As of early 2026, only GPT-4o and Gemini 2.0 support native audio input and output. Claude and Llama process audio through separate speech-to-text pipelines before feeding text to the LLM. This means GPT-4o and Gemini can reason about tone, emphasis, and acoustic features directly, while Claude and Llama are limited to the information preserved in the transcript.

Practical Serving Cost Comparison

For a production deployment processing 1 million multimodal requests per day:

📊

Daily Serving Cost for 1M Multimodal Requests (1 image + 500 text + 200 output each)

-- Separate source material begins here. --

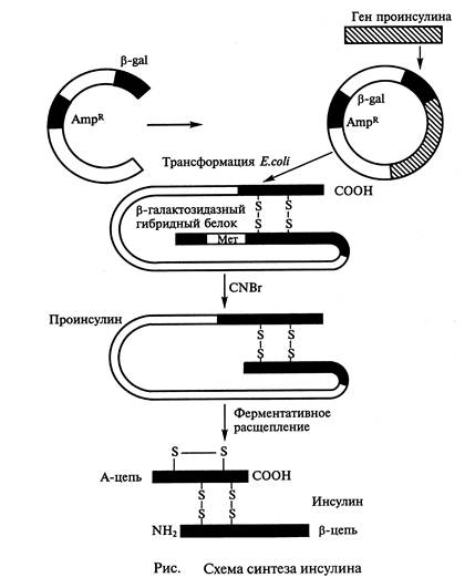 Работы по генно-инженерному получению инсулина начались около 20 лет назад. В 1978 г. появилось сообщение о получении штамма кишечной палочки, продуцирующего крысиный проинсулин (США). В этом же году были синтезированы отдельные цепи человеческого инсулина посредством экспрессии их синтетических генов в клетках Е. coli. Каждый из полученных синтетических генов последовательно подстраивался к 3 '-концу гена фермента (β-галактозидазы и вводился в векторную плазмиду (pBR322). Клетки Е. coli, трансформированные такими рекомбинантными плазмидами, производили гибридные (химерные, рекомбинантные) белки, состоящие из фрагмента β-галактозидазы, соединенной через остаток метионина с А и В цепями инсулина. При обработке in vitro химерного белка бромцианом пептид А-В высвобождался и далее ферментативно расщеплялся на фрагменты А и В. Однако замыкание дисульфидных мостиков между несвязанными С-пептидом А и В-звеньями инсулина происходило с трудом и данный метод получения инсулина не получил своего развития.

ModelSelf-Hosted GPUsGPU Cost/DayAPI Cost/DayCheapest Option
GPT-4o N/A (API only) --- $3,500 API: $3,500
Gemini 2.0 N/A (API only) --- $1,200 API: $1,200
Claude 3.5 N/A (API only) --- $2,800 API: $2,800
Llama 3.2 90B 8xA100 $576 --- Self-host: $576
Llama 3.2 11B 1xA100 $72 --- Self-host: $72

Daily Cost per 1M Multimodal Requests

Llama 11B (self)
72
Llama 90B (self)
576
Gemini API
1,200
Claude API
2,800
GPT-4o API
3,500

Architectural Trade-offs Summary

Early Fusion (GPT-4o, Gemini):
  + Unified representation: model can jointly reason across modalities
  + Simplest architecture: one transformer for everything
  - Visual tokens consume context window
  - KV cache grows with visual input
  - Expensive for multi-image / video inputs

Cross-Attention (Claude, Llama):
  + Visual features don't consume context window
  + KV cache for self-attention is text-only sized
  + Efficient for dense visual inputs (many images)
  - Separate encoder adds latency during prefill
  - Cross-attention layers add parameters
  - Visual reasoning limited to cross-attention capacity

MoE + Early Fusion (Gemini):
  + Token compression reduces visual token count dramatically
  + Massive context window (2M) handles any input combination
  + Experts can specialize per modality
  - Requires enormous compute budget for pretraining
  - MoE routing adds complexity for serving

Summary

Frontier multimodal models in 2026 split into two architectural camps: early fusion (GPT-4o, Gemini) and cross-attention (Claude, Llama). Early fusion concatenates visual tokens with text in a single transformer, providing unified reasoning but consuming context window proportionally — GPT-4o uses approximately 5,700 tokens per 1024x1024 image while Gemini compresses to approximately 512 through token merging. Cross-attention keeps visual features in a separate cache accessed at specific transformer layers, preserving the full text context window but adding cross-attention compute at 6-20 layers. For inference cost, Gemini’s aggressive compression and 2M context make it the most efficient for multi-image and video workloads. For self-hosted deployments, Llama 3.2 Vision’s published architecture enables optimized serving at 5-50x lower cost than API pricing, with 1,600 visual tokens per image through its cross-attention design.